### Instructions for the task
After finding the line that holds "Topshop longline double" below, set down that line and the rest through the final one exactly, leaving the pictures out.

*** Opening of Given material ***

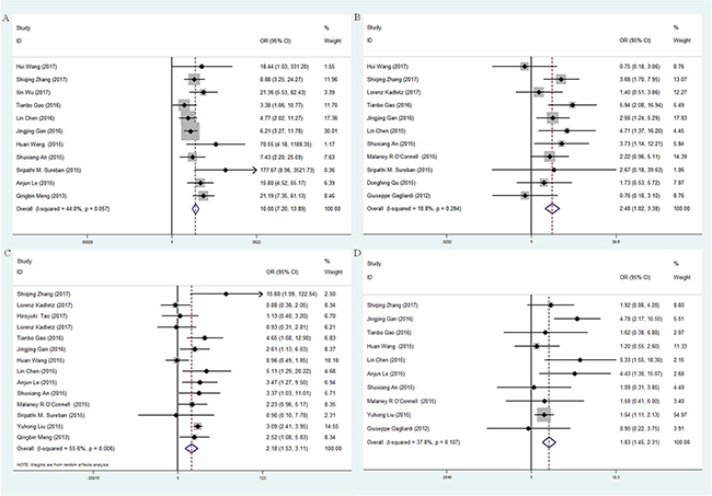Figure 2: Forest plot of odd ratio (OR) of subgroup analysis. (A) subgroup analysis based on control tissues; (B) subgroup analysis based on TNM stage; (C) subgroup analysis based on lymphatic metastasis; (D) subgroup analysis based on differentiation.
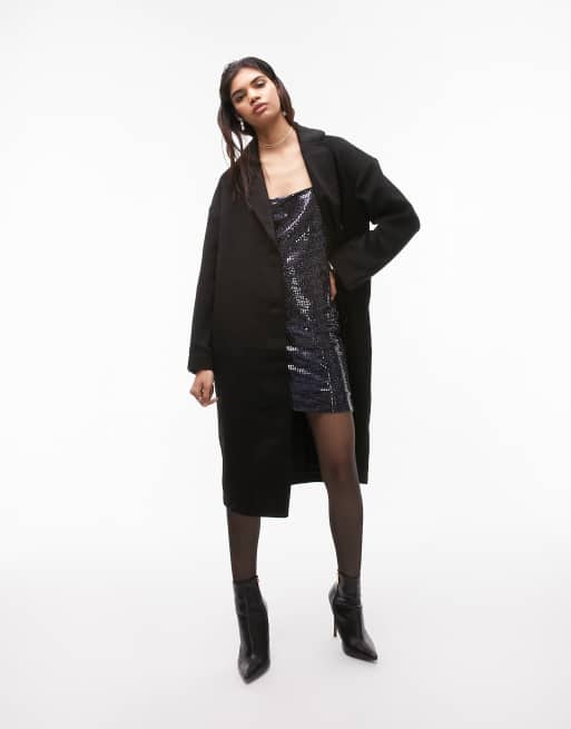 Topshop longline double breasted smart coat in black
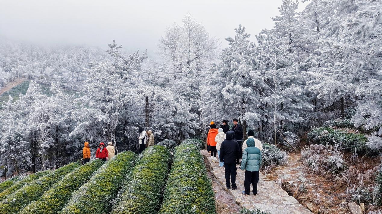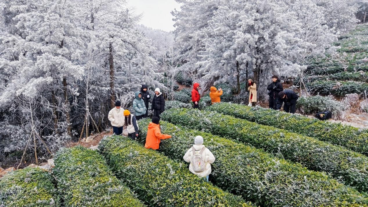 1月21日,位于浙江省温州市永嘉县的大寺基出现雾凇景观。高山之上,被雾凇包裹的树枝、草丛、果实,形态各异、晶莹剔透,在暖阳下折射出熠熠微光。这般难得的冬日盛景,吸引不少市民专程前来,举镜定格这冰雪画卷。(陈晓光 卢博/文 王哲孟/供图)

*** Close of Given material ***

### Answer space
 Topshop longline double breasted smart coat in black
 1月21日,位于浙江省温州市永嘉县的大寺基出现雾凇景观。高山之上,被雾凇包裹的树枝、草丛、果实,形态各异、晶莹剔透,在暖阳下折射出熠熠微光。这般难得的冬日盛景,吸引不少市民专程前来,举镜定格这冰雪画卷。(陈晓光 卢博/文 王哲孟/供图)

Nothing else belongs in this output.